With my Southern Oregon bias, I was prepared to be unimpressed by this massive monolith — created by lava flows millions of years ago. It’s supposedly one of Oregon’s most photographed natural wonders, right up there with Multnomah Falls and Crater Lake. But I have a theory about that.
Cannon Beach is only about an hour’s drive west of Portland, so, of course, Haystack gets a lot of cameras pointed at it. There are simply more people up there.
If the coastline were flipped, awesome landmarks closer to our backyard, such as Arch Rock and Whaleshead near Brookings, would win the popularity contest, I’m sure.
Whaleshead even has a blowhole that shoots a stream of water into the air when waves smack the rock just right. Let’s see Haystack do that!
But I do have to admit that this Cannon Beach bulwark makes a bold, majestic statement. And I like that it’s accessibly close to shore, like a community member rather than an aloof overseer of the sandy beach.
Just don’t climb on it. The entire rock, including its tidepools, is protected as part of the Oregon Islands National Wildlife Refuge, a network of 1,853 rocks, reefs and offshore islands set aside for marine bird and mammal habitat.
I approached Haystack from the south, hitting the beach at a state-park wayside, where an interpretive panel said that puffins occupy their nests for about 100 days, beginning in early April.
It was June 13, well within that time range.
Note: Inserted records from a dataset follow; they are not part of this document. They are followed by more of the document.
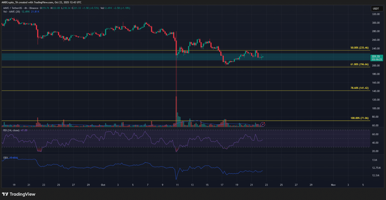 Trong ngắn hạn, vùng 235 USD và 200 USD sẽ là hai mốc then chốt quyết định hướng đi tiếp theo của AAVE.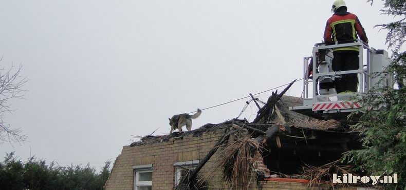 | Bij ankomst sloegen de vlammen al hoog uit het dak en was duidelijk, dat het pand niet meer te redden was. De woning, die te koop stond, werd niet bewoond, toen de brand uitbrak. De eigenares woont sinds kort in Zuidwolde. (In tegenstelling tot wat elders gemeld wordt, betrof het geen boerderij). |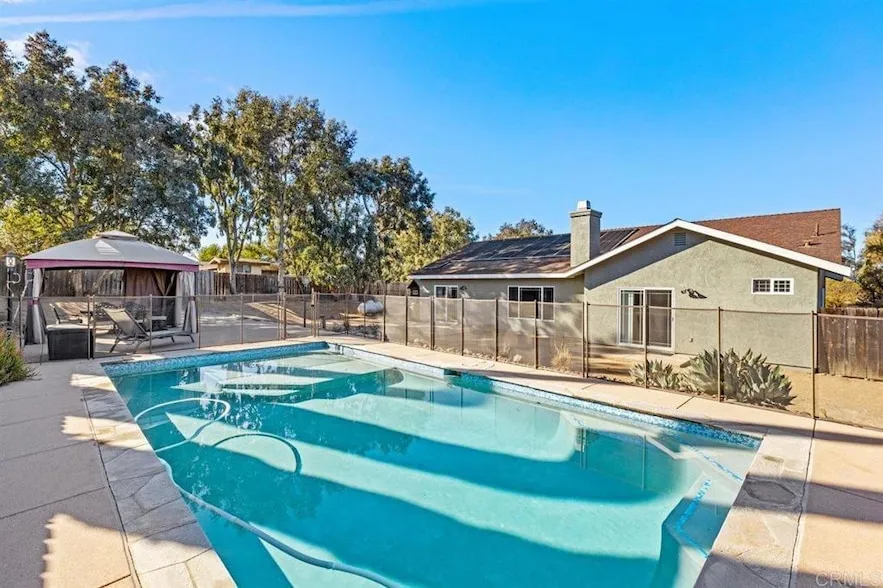 Discover this charming property in Southwest Ramona, ideally located near the Ramona Airport with easy access to Poway, Santee, and Escondido. Situated on over an acre of flat, usable land, this property offers endless possibilities with no HOA restrictions. Whether you envision adding an ADU, garage, workshop, or creating a personalized space for animals (zoned A70), the choice is yours just secure the necessary permits. The main home boasts over 1,800 sq. ft. of living space, featuring 4 spacious bedrooms, 2 bathrooms, and an attached three-car garage. The outdoor area is an entertainer s dream with a sparkling pool that includes a Baja shelf, a paved patio, and ample space to host gatherings. The large front yard and extended driveway provide additional parking, perfect for accommodating guests or recreational vehicles. Don t miss the chance to own a versatile property with a prime ...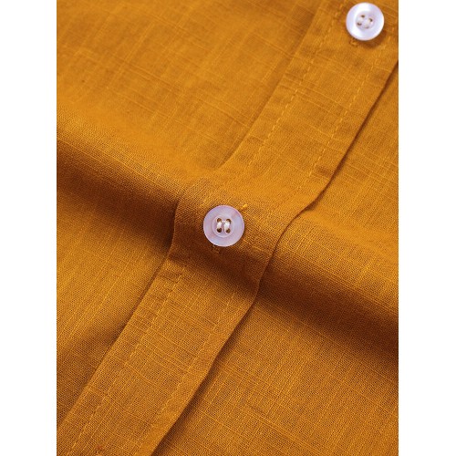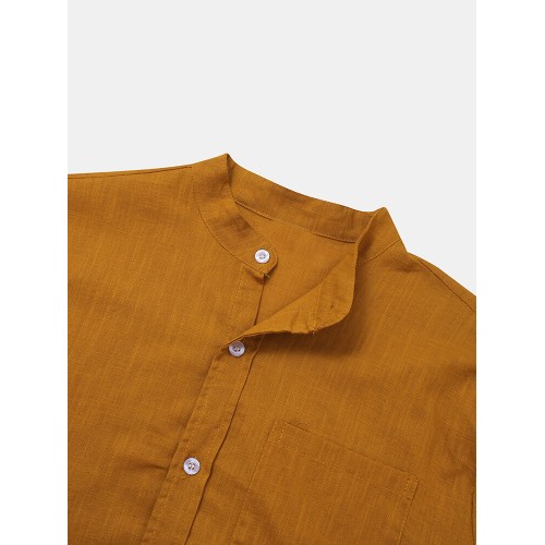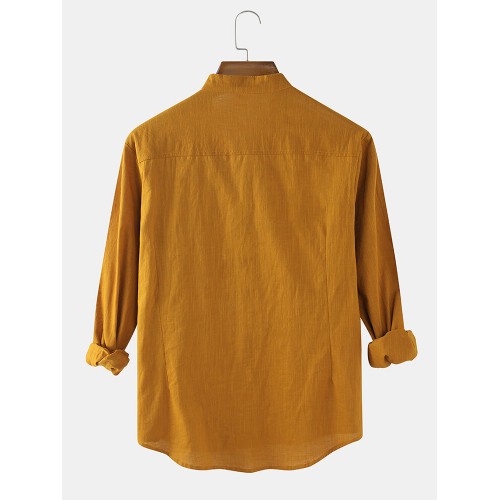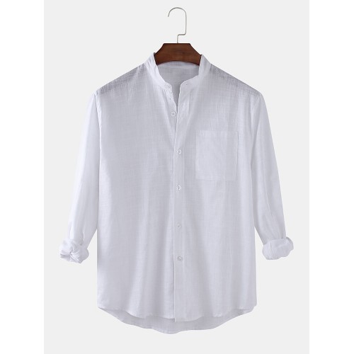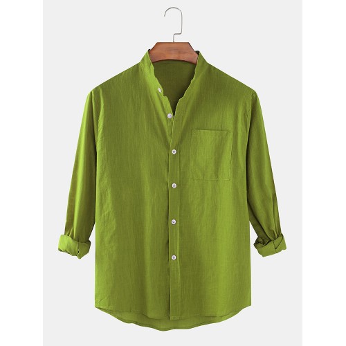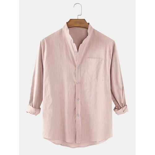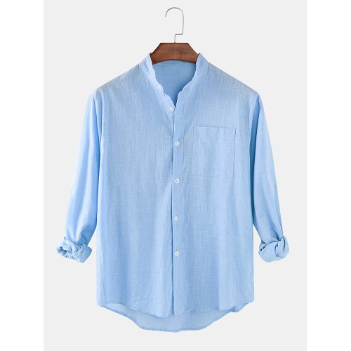 Mens Cotton & Linen Solid Color Thin Casual Long Sleeve Shirts With Pocket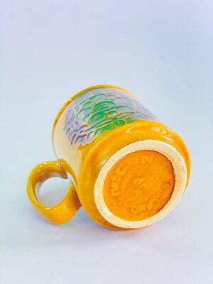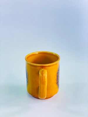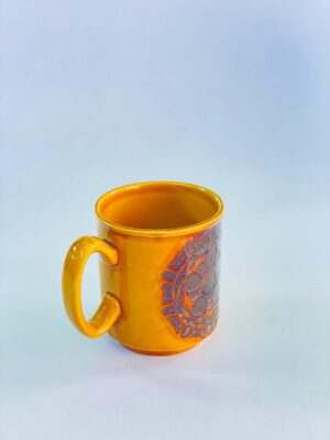 This charming vintage ceramic mug showcases a bold embossed floral medallion design, highlighted by a warm amber-yellow glaze with subtle tonal variations. The textured relief decoration gives the mug a handcrafted studio pottery feel, making it both visually appealing and pleasant to hold.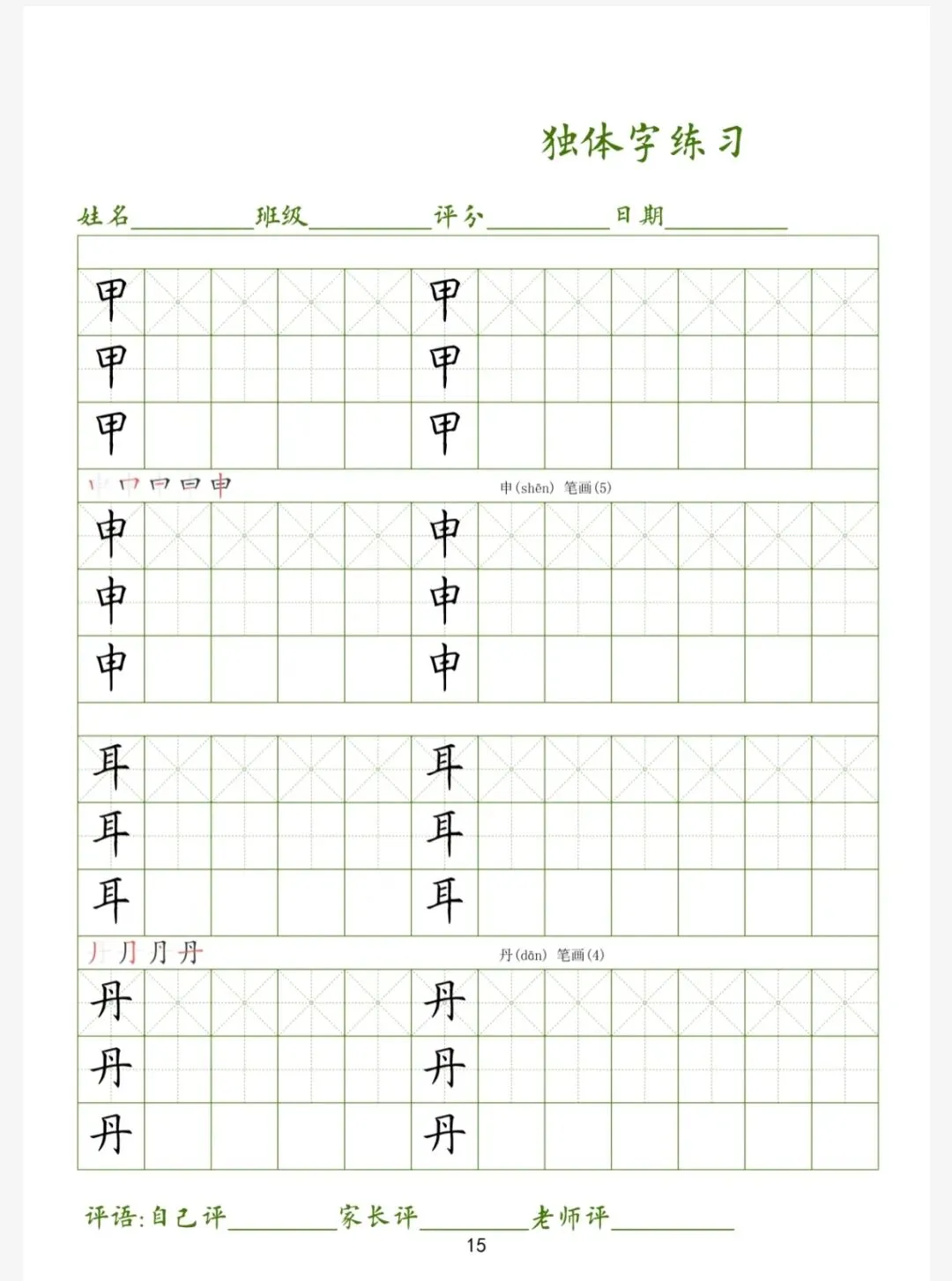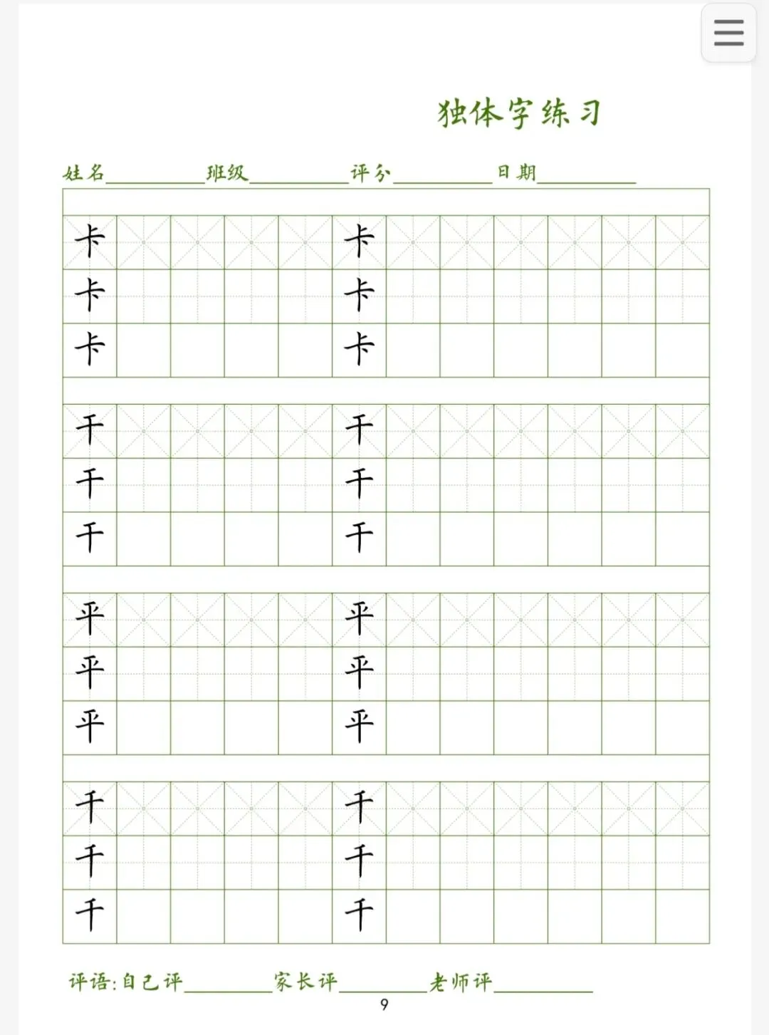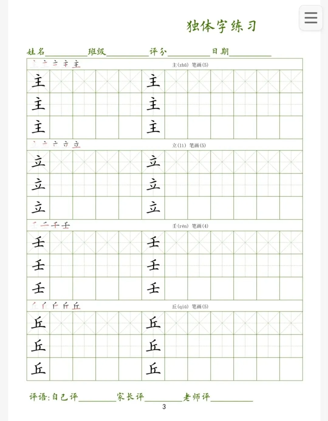 56页独体字练习字帖(电子版字帖、练字免费下载打印)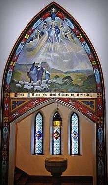 The baptistery mural, "The Angels Appearing to the Shepherds" (1929)(designed by John Wesley Little and completed by S.R. Hartman after Little's death) was restored by Michele W. Mapstone in 2009.
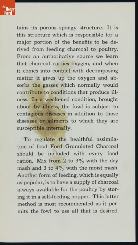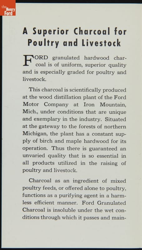 Ford Motor Company's charcoal briquettes were good for more than just backyard cookouts. This brochure promoted their use as a feed supplement for poultry and livestock. According to the text, Ford charcoal had a purifying effect in animals' digestive systems, absorbing gases that might otherwise make them susceptible to illness. Ford recommended charcoal for hens, chicks, hogs, cattle, horses, and sheep.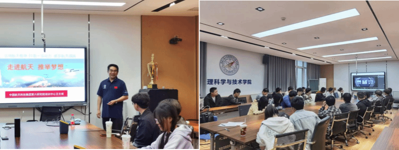 开展“弘扬工匠精神、奋斗成就梦想”主题活动。本次活动特别邀请了中国航天科技集团第六研究院宣讲师王文斌进行授课。王文斌以《走进航天、推举梦想》为题,结合中国航天事业的发展、航天液体动力的发展、航天精神的共性特征和时代内涵等内容,为大家做了一场精彩生动的专题报告。在报告中,通过丰富多彩的实例,他先后讲解了中国航天的发展历程,诠释了“载人航天精神、探月精神、新时代北斗精神”等谱系精神的深刻内涵,将深奥神秘的航天科学知识讲得生动具体,为师生们上了一堂别样的航天科普课。他鼓励大家,作为新时代青年,要积极学习老一辈航天人的拼搏精神,要立大志、明大德、成大才、担大任,脚踏实地、练好本领,把坚定的理想信念、高昂的爱国热情、强烈的责任担当、良好的精神风貌写入了浩瀚星空,赓续传承老一辈航天精神,为祖国航天科技事业发展献出青年力量。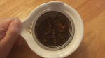 I’ve had one or two teas before that tasted like chysanthemums, so I thought I was prepared for this tea. Oh, how wrong I was! The chrysanthemum flavour in this tea is pungent, and medicinal. The tea flavour itself is fairly weak, taking a back seat so that the chrysanthemum can drive. Overall, the tea feels quite thin and dry in my mouth, with a sensation of camphor and cedar being most prominent. The brewed tea was a deep reddish brown, like brandy.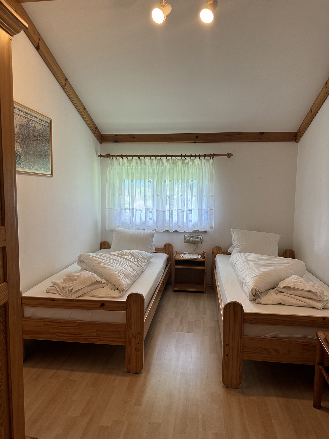 60 m² - 1 sypialnia z łóżkiem małżeńskim, sypialnia z 2 łóżkami pojedynczymi, salon z aneksem kuchennym i rozkładaną sofą (szerokość 180 cm) dla 2 osób, łazienka z prysznicem lub wanną, osobna toaleta, taras; Mieszkanie znajduje się na parterze.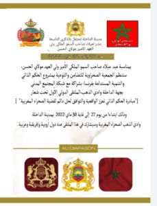 بمناسبة عيد ميلاد صاحب السمو الملكي الامير مولاي الحسن تحتضن مدينة الداخلة نهاية الأسبوع الجاري الملتقی الدولي الأول تحت شعار”مبادرة الحكم الذاتي تعزز الواقعية والتوافق لحل دائم لقضية الصحراء المغربية”.
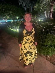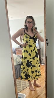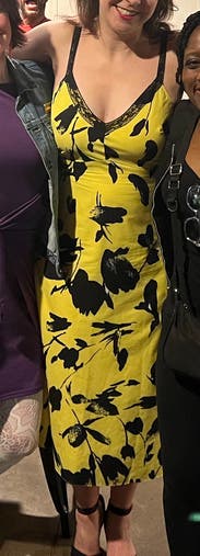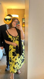 Ended up wearing this for a fall wedding! I was nervous the yellow was too “summery” but I paired it with a black shawl and it was perfect. Definitely something I wouldn’t see myself buying normally but I fell in love! So comfortable & fit my body in all the right places. The straps were a bit flimsy but nothing terrible. Speaking of the straps, they were made of beautiful black lace & I just happened to have a black lace choker that sat in my jewelry box for ages but matched perfectly! Stepped outside of my comfort zone to wear it together and I’m so happy I did — such a chiq look that received a ton of compliments!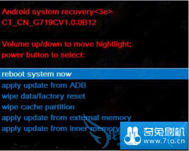 1 首先将下载下来的刷机包文件解压,得到「update.zip」文件,将其拷贝到SD卡根目录,然后手机关机进入Recovery模式(关机状态下同时按住:音量上、开机键进入recovery模式),如图: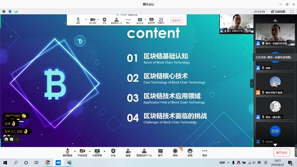 8月23日-25日,滁州市计算机学会2020年信息技术文化节通过线上腾讯会议的形式如期举行,我校信息与网络工程学院教师曹浩博士应邀参加会议并做题为“区块链技术的发展与应用”的大会主题报告。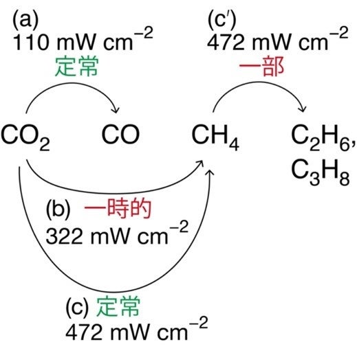 CO2をCO、メタン、エタン、プロパンへ〜光の強さを変えて自在に生成物を生み出す

My mystery birds, therefore, had to be puffins. Right?
When I returned to Haystack later in the day, under a blue sky, my doubts over what I was seeing disappeared. The birds standing on the rock, as if watching a parade, were definitely puffins.
In the brighter light, without the mist, I could make out all their markings clearly. I stopped counting the mob at 20.
Even more exciting, I watched a few take off and fly toward shore. They passed right over my head, their stubby wings beating rapidly.
Though I still couldn’t shake the thought that Haystack Rock is overrated, I could have hugged the big hunk. I owed it my first puffin sightings.